# Need help dealing with insecure ESFP



## Creativitron (Apr 30, 2015)

I'm an Entp/ Intp exchange student who's currently living in the U.S. With an ESFP host mother who's always insecure about how private I am. She wants me to babysit her child and watch Tv with her all the time, As an NT, hell no. I wanted personal space from her ISFP child with anger and anxiety issues, 
she bombarded me with insults with no logical explanation behind it. ENTP is superior in debating but I can't win her illogical argument and temper?


----------



## maust (Jul 14, 2014)

ueheum I feel bad that this hasn't gotten any responses but I don't know how to help. Try the ESFP forum?


----------



## sinaasappel (Jul 22, 2015)

Creativitron said:


> I'm an Entp/ Intp exchange student who's currently living in the U.S. With an ESFP host mother who's always insecure about how private I am. She wants me to babysit her child and watch Tv with her all the time, As an NT, hell no. I wanted personal space from her ISFP child with anger and anxiety issues,
> she bombarded me with insults with no logical explanation behind it. ENTP is superior in debating but I can't win her illogical argument and temper?


ask if you can make things better (its scary I know) 

or you could just try to have more conversation with them/spend more time with them 

or you could tell her that you need some time to yourself (make a schedule with her)
I think the third one is the best option so you both understand each other
(but be open minded if her child wants to talk to you when you want to be alone)
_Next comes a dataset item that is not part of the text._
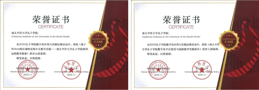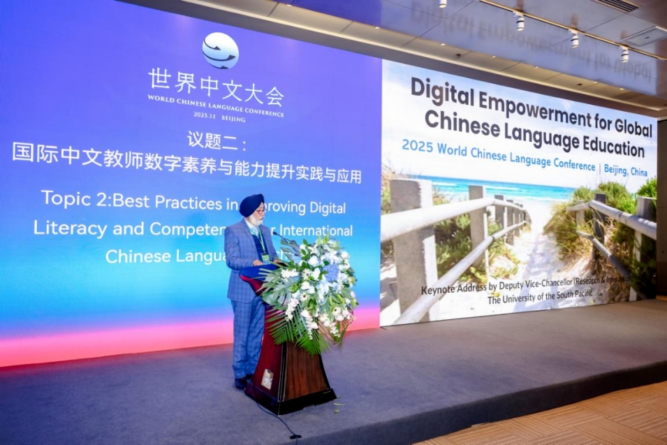 大会平行会议期间,与我校共建南太平洋大学孔子学院、伦敦玛丽女王大学孔子学院的有关学校代表受邀参加会议。南太平洋大学副校长古尔米特·辛格在“国际中文教师数字素养与能力提升”平行会议上作了题为《Digital Empowerment for Global Chinese Language Education》的报告。南太平洋大学孔子学院《基于Webex的区域性在线中文教学实践--南太平洋大学孔子学院跨国远程教学探索》《南太平洋大学孔子学院数字化平台建设与创新教学实践报告》荣获“数智化应用与实践”优秀案例。

And she probably got defensive because she assumed that you didn't want to deal with her child that has anger/anxiety problems

She also probably wants to get her daughter less anxious around people (if its a social anxiety) so she wants you to spend as much time around her child to get her used to strangers

I guess it can also be stressful for parents with anxious children because anxious children can tend to be territorial usually because of worry and sometimes can be very angry/defensive when someone tries to intrude

They can also be kinda clingy to the parent so it may just take some time

sometimes there is also a lack of communication between anxious children and their parents (which may cause her to draw assumptions) 

so she could be frustrated by the lack of communication between the two of you

Sorry for the long post though I hope this helps (especially with her temper)


----------



## Judgment_Knight (Feb 1, 2015)

Whew, well you're under her house and she wants you to watch her child! The ESFP is probably going to think you're a little rude if you're saying no! Tell her you're an introvert and that you're bad at communicating with people. Maybe she'll give you some leeway.

Cater to her F side, throw in some compliments if you're feeling brave, and show that you can contribute to the house in different ways. Down the line, she'll be nice to you too. Hopefully.

Maybe try to get to know the kid? Read a book while the child is watching TV.


----------